Sky diving in Austria
Even though it's summer, the air is cold above.
Skydivers catch a breath of Austrian air.

Outside, the clouds are closing in on me as the plane soars higher and higher. I am holding my breath, fearful of what is about to happen — but it is too late to turn back.

As I make the jump, my heart pounds as though it is trying to reach through my chest to escape. At first, I feel so heavy — then weightlessness. I am plummeting toward earth, my body falling through the clouds.

The wind pushes my cheeks back, exposing my teeth to the brutally cold air — even though it is a hot summer day. My goggles are frosting over, and below me I see snow on the highest peaks of mountains. On the ground, it is 86 degrees F (30° C), but up here it is so much colder.

I scream, but no sounds are heard except the pounding of the wind in my ears. Suddenly I am lifted, with great force, toward the heavens. For a brief moment, I think this is what it must feel like to be a bird — completely free.

My heart slows as I drift downward. I am no longer plummeting to my death, but am floating with the breeze. I can breathe now — the ground doesn’t look as scary as it did just seconds ago. I have the chance to sit back and enjoy the ride, to view a part of the world with new perspective.

I look above at the blue-and-yellow striped parachute, wondering what it must look like from the ground. When I look beyond, I can see through the clouds. I recall thinking, as a child, that clouds were so heavy you could jump on them, and I smile at the lost innocence. I imagine this is what the view is like from heaven.

“Am I really still alive?” I wonder.

Thousands of feet below, the Austrian Alps provide a magnificent reality. I am suddenly aware of the instructor strapped to my back and turn around, a huge smile on my face.

“How do you enjoy your first skydive?” he asks me, but I can’t speak — my mouth is dry from the force of the wind, and I have no words. My smile tells him I am ecstatic.

The glide to the ground seems to last forever. I am drifting in every direction, savoring the beauty of the land below me. From the pale greens and dark browns of the farm crops to the contrasting gray of the rocky mountains, touched with angelic white snow on their tips, the Austrian Alps set an amazing scene for the adventure.

I had arrived in St. Johann, in Tirol, the previous day in June, on a Top Deck bus tour of Western Europe. Centrally located between Munich, Salzburg and Innsbruck, St.
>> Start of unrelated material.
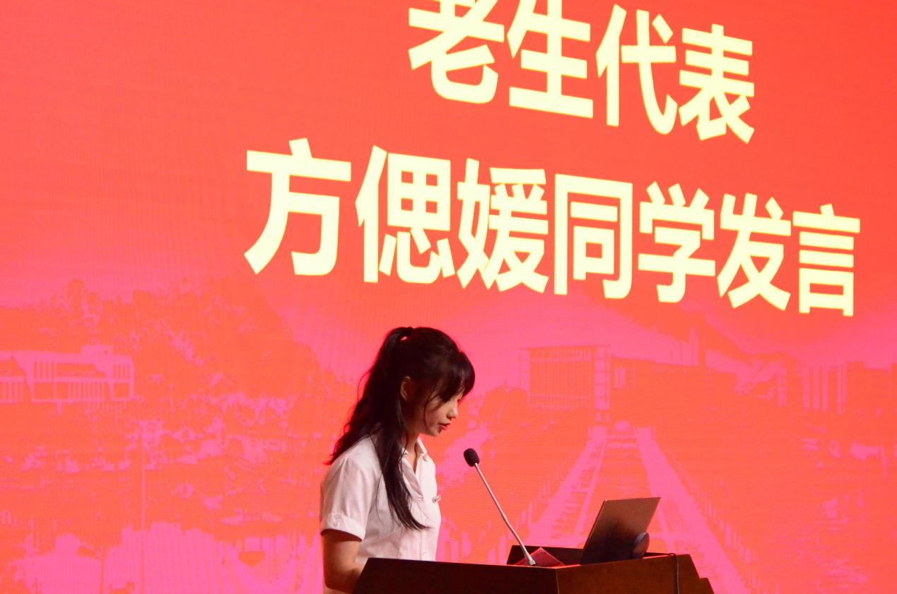 方偲媛同学引言“运筹帷幄,决胜千里之外”,向新生提出三点建议,警醒我们避免“养成惰性,安于躺平”,要及时转变身份,适应大学生活。“老能劝学照余生,似夜随灯到处明”,方偲媛同学建议我们树立自主学习、学无止境的学习观,重视大学基础课程的学习。她寄语新生:“琳琅满目的社团、部门都会为你们敞开门扉,希望你们能在其中找到自己喜欢并愿意为之付出的舞台。”

Johann is an alpine village at the base of the famous Kitzbüheler Horn.

Famous for its mountain trails and ski runs, the chalet-filled village has just over 8,000 residents.

It was one of the last stops on our 21-day “Summer Fun and Sailing” trip, and all 50 of us, mostly Australians, were there for a great time. I would also be spending my birthday there, and wanted to make it a memorable one.

Upon arrival, we were greeted with clear blue skies contrasting against lush green meadows, the fresh smell of the forests and the warm smiles of the friendly locals who waved to us as we passed by them on our way through the town.

That night, we headed to Bunny’s Pub, which opened in 1986, and has been operating under an Australian theme since 1996. It was a great taste of home with its paintings, sports memorabilia and, most of all, my cherished Australian beer, Victoria Bitter.

The next morning I woke to the sound of tractors on their way into town, as St. Johann’s locals celebrated the Tirol Oldtimer Traktortreffen (Oldtimer Tractor Gathering).

The annual event, the finale of the weeklong Tirolean Mountain Spring Festival, which welcomes the shift from spring into summer, begins at 8 a.m. with the owners of more than 100 vintage tractors meeting in the center of town before parading through the streets.

The men and women were traditionally dressed intrachten, which consists of a skirt, bodice, shawl and blouse for women, and leather shorts, suspenders, breastplate and hat for men.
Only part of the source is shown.